We have this excursion to somewhat "advanced analysis" in otherwise "discreet" subject. My analysis skills are wery weak and I would much apperciate any help.

My progress: (probably wrong, see bellow)

$\int_{\mathbb{R}^{n}}\exp\left(\frac{-\left\Vert x\right\Vert ^{2}}{2}\right)\mathrm{d}x=\int_{\mathbb{R}^{n}}\exp\left(\frac{-\left(x_{1}^{2}+\cdots x_{n}^{2}\right)}{2}\right)\mathrm{d}x=\int_{\mathbb{R}^{n}}\exp\left(\frac{-\left(x_{1}^{2}+\cdots x_{n-1}^{2}\right)}{2}+\frac{-x_{n}^{2}}{2}\right)\mathrm{d}x=\int_{\mathbb{R}^{n}}\exp\left(\frac{-\left(x_{1}^{2}+\cdots x_{n-1}^{2}\right)}{2}\right)\cdot\exp\left(\frac{-x_{n}^{2}}{2}\right)\mathrm{d}x$

This would lead me to integration per partes using $u'=\exp\left(\frac{-x_{1}^{2}}{2}\right)$ and $v=\exp\left(\frac{-\left(x_{1}^{2}+\cdots x_{n-1}^{2}\right)}{2}\right)$ because then $u=\int \exp\left(\frac{-x_{1}^{2}}{2}\right) \mathrm{d}x_1$ looks somewhat similar to $I_{1}=\int_{\mathbb{R}}\exp\left(\frac{-x^{2}}{2}\right)\mathrm{d}x$ which is available.

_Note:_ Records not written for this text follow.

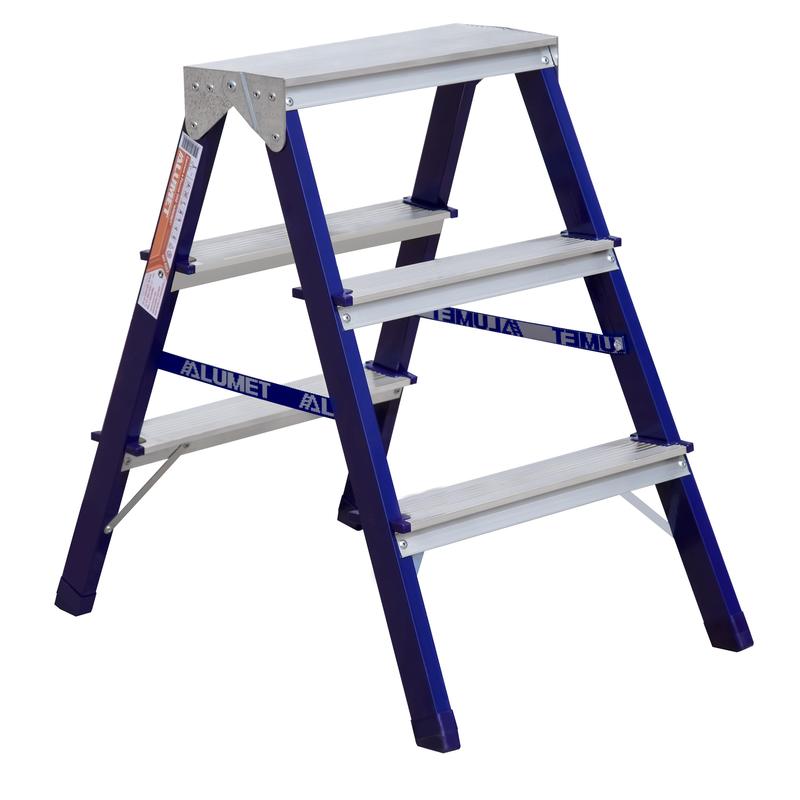 Двухсторонняя стремянка MD8203 представляет собой свободностоящую переносную лестницу, сужающуюся к верху, имеющую две стороны подъема и раскладывающуюся для выполнения определенной задачи. Верхняя рабочая площадка образуется только в рабочем положении из двух верхних ступенек двух составных частей стремянки.Стремянка фиксируется двумя страховочными ремнями. Тетивы стремянки изготовлены из прочного стального профиля, защищенного от коррозии эпоксидной порошковой эмалью. Ступени выполнены из высокопрочного алюминиевого профиля. Ступени имеют противоскользящую рифленую поверхность.Стремянка складывается и в транспортном положении занимает не много места.Стремянка стальная двухсторонняя серии МD предназначена для проведения различных видов работ на высоте до 3.5 м как в быту, так и на производстве.Необходимо отметить, что производство стремянок удалась автоматизировать, что исключило влияние 'человеческого фактора' на качество продукции. При этом стремянки приобрели дополнительную прочность, возросла их надежность и долговечность. Внешний вид и/или характеристики товара могут быть изменены производителем в соответствии с производственным процессом.
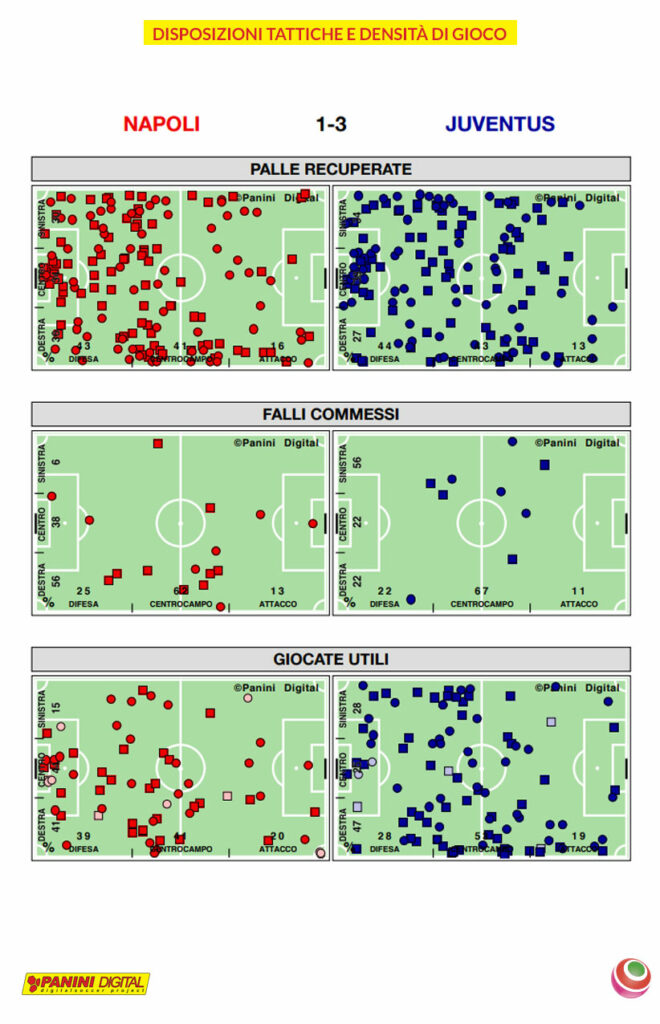Nel dettaglio le palle giocate sono di 634 delle ragazze di Montemurro contro le 386 del Napoli, ma quest’ultime hanno avuto una percentuale di giocate utili migliori del 17,4% a fronte del 15,8. In fase difensiva il pressing azzurro si è fatto sentire specialmente nel primo tempo con il 46,4 % e un maggior numero di palle giocate in area avversaria (ben 34 contro le 28 bianconere).
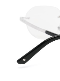frameless two-tone glasses Highlights - Silver-tone - Titanium - Frameless design - Nose pads - Straight arms - Pointed tip - All glasses from farfetch are sold as non-prescription frames. Imported Composition Titanium 100% SIZE & FIT Measurement Arm Length 5.7 in(14.5 cm) Bridge Width 0.7 in(1.8 cm) Lens Diameter 2.04 in(5.2 cm) WIDTH 5.31 in(13.5 cm)
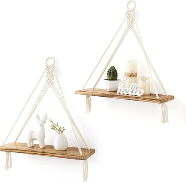 These macrame shelves pair rustic wood with handcrafted rope hangers, creating a boho-chic accent for any wall. They come as a set of two, but there’s also an option to get a set of three if you want to fill a larger wall or create a layered display
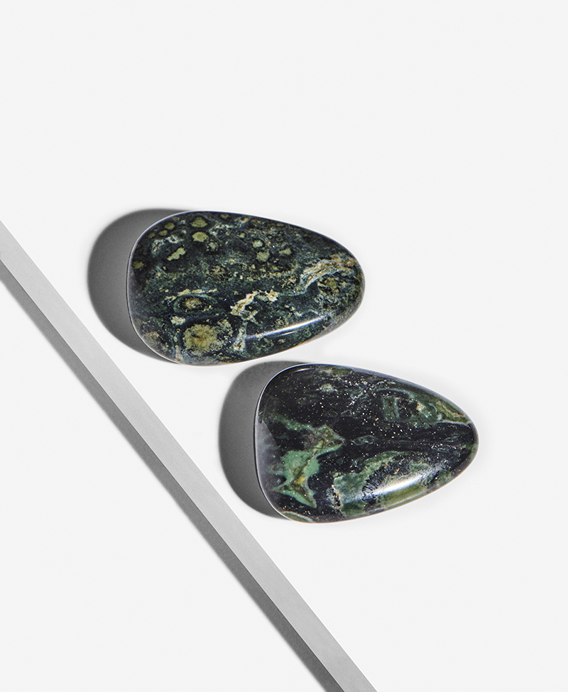 Kambaba Jaspis er en smuk grøn chalcedon med lysegrøn meleret grundfarve og den række karakteristiske mørkere pletter eller plamager, der tit kan have en lysere plet i centrum.
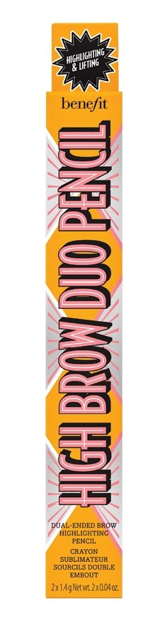 وتقدّم Benefit Cosmetics مستحضر High Brow Duo Pencil الخاص بتحديد الحواجب ورفعها ومنحها مظهراً أكثر إشراقاً. ويتميّز القلم بقوام كريمي سهل المزج وغير لامع. ويتضمّن القلم ثلاث مجموعات لونية لإضفاء درجات ألوان بشرة فاتحة ومتوسطة وعميقة.
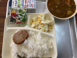 今日の給食のメニューは、ハンバーグカレーライス、カリフラワーのピクルス、豆こんぶ、牛乳、でした。ハンバーグカレーライスは名前の通り、ハンバーグがついています。かわいいサイズでした。牛肉の旨みが十分に生かされ、まろやかでコクのあるカレーでした。カリフラワーのピクルスはさっぱりとした口あたりで、コーンの甘さがアクセントになっていました。豆こんぶは一人一袋です。
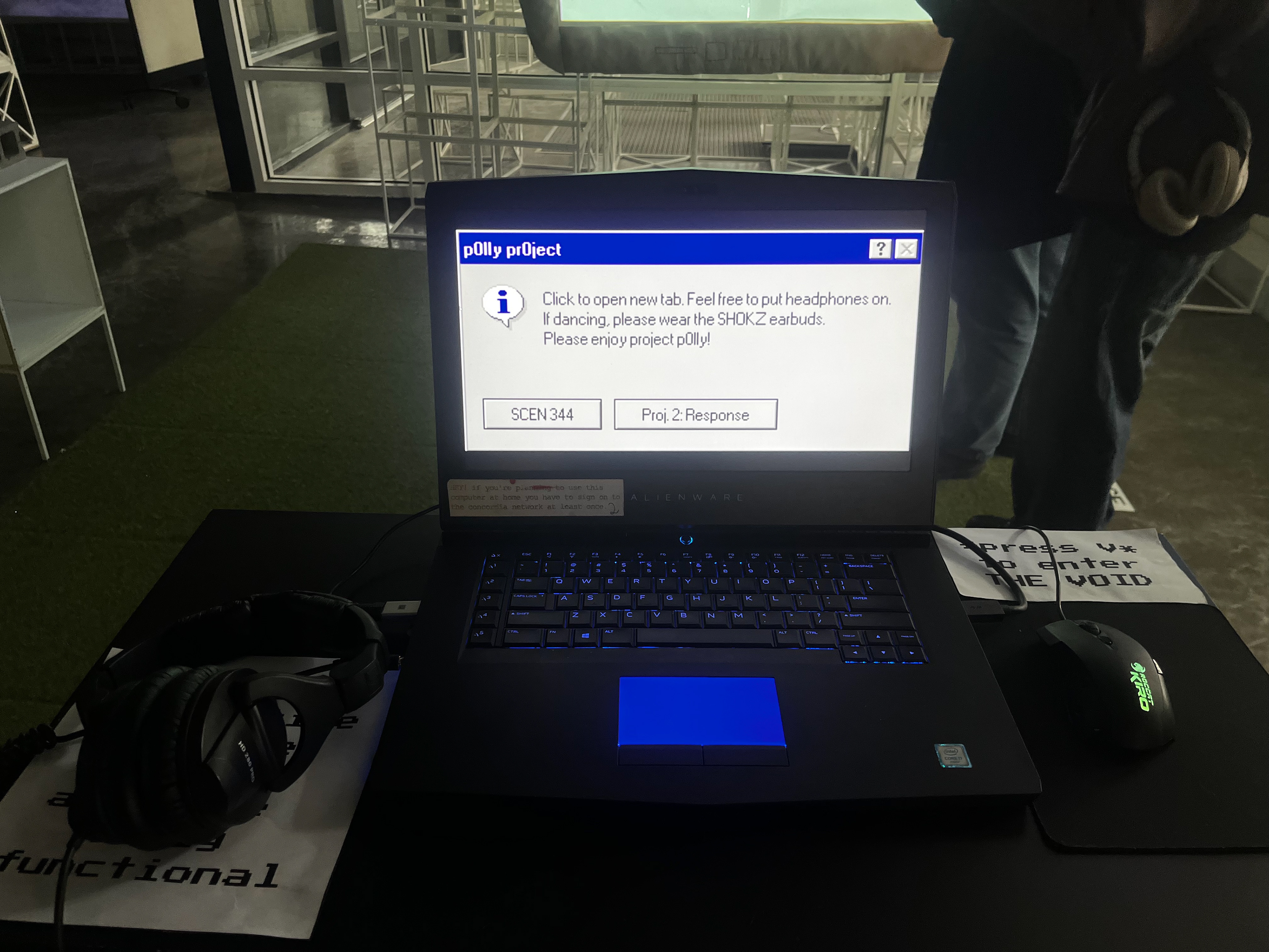 Kinect Camera body tracking, interactive mouse and keyboard function, projection, double screen inputs, headphones

I am not however able to formally complete the process. I can only compute single variable indefinite integrals.

Thank you very much.


As was suggested in an answer, a possible solution might be:

$$\begin{align*} \int_{\mathbb{R}^{n}}\exp\left(\frac{-\left\Vert x\right\Vert ^{2}}{2}\right)\mathrm{d}x &= \int_{\mathbb{R}^{n}}\exp\left(\frac{-\left(x_{1}^{2}+\cdots x_{n}^{2}\right)}{2}\right)\mathrm{d}x=\int_{\mathbb{R}^{n}}\exp\left(\frac{-\left(x_{1}^{2}+\cdots x_{n-1}^{2}\right)}{2}+\frac{-x_{n}^{2}}{2}\right)\mathrm{d}x \\&=\int_{\mathbb{R}^{n}}\exp\left(\frac{-\left(x_{1}^{2}+\cdots x_{n-1}^{2}\right)}{2}\right)\cdot\exp\left(\frac{-x_{n}^{2}}{2}\right)\mathrm{d}x \\&=\int_{\mathbb{R}^{n-1}}\int_{\mathbb{R}}\exp\left(\frac{-\left(x_{1}^{2}+\cdots x_{n-1}^{2}\right)}{2}\right)\cdot\exp\left(\frac{-x_{n}^{2}}{2}\right)\mathrm{d}x_{n}\mathrm{d}x_{n-1}\ldots\mathrm{d}x_{1} \\&\overset{Fubini}{=}\int_{\mathbb{R}^{n-1}}\exp\left(\frac{-\left(x_{1}^{2}+\cdots x_{n-1}^{2}\right)}{2}\right)\left(\int_{\mathbb{R}}\exp\left(\frac{-x_{n}^{2}}{2}\right)\mathrm{d}x_{n}\right)\mathrm{d}x_{n-1}\ldots\mathrm{d}x_{1} \\&=\int_{\mathbb{R}^{n-1}}\exp\left(\frac{-\left(x_{1}^{2}+\cdots x_{n-1}^{2}\right)}{2}\right)I_{1}\mathrm{d}x_{n-1}\ldots\mathrm{d}x_{1} \\&=I_{1}\int_{\mathbb{R}^{n-1}}\exp\left(\frac{-\left(x_{1}^{2}+\cdots x_{n-1}^{2}\right)}{2}\right)\mathrm{d}x_{n-1}\ldots\mathrm{d}x_{1} \\&=I_{1}I_{n-1} \end{align*}$$

However, I am still not sure whether this is a formally correct solution.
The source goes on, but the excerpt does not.